INSTRUCTIONS FOR THE TASK: When you find the line with "Christ at the Pool of Bethesda" among the records below, reproduce it and each line after it exactly, ending with the line with "Artus Wolffort Art".
DATA IN THIS EXERCISE Start Marker
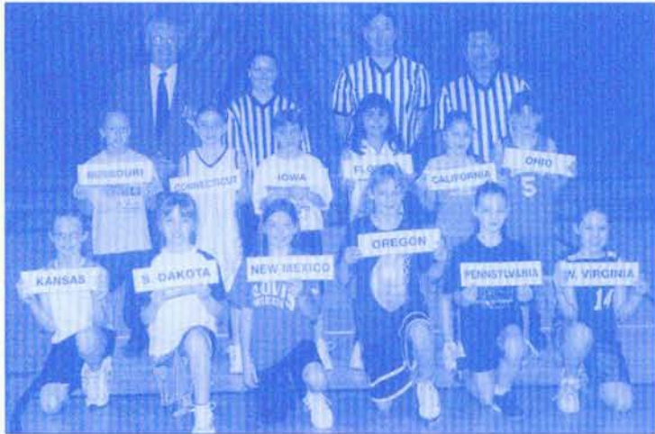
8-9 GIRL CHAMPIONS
DATA IN THIS EXERCISE End Marker
DATA IN THIS EXERCISE Start Marker
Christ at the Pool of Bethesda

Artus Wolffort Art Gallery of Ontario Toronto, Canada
DATA IN THIS EXERCISE End Marker
WORKED SOLUTION:
Christ at the Pool of Bethesda

Artus Wolffort Art Gallery of Ontario Toronto, Canada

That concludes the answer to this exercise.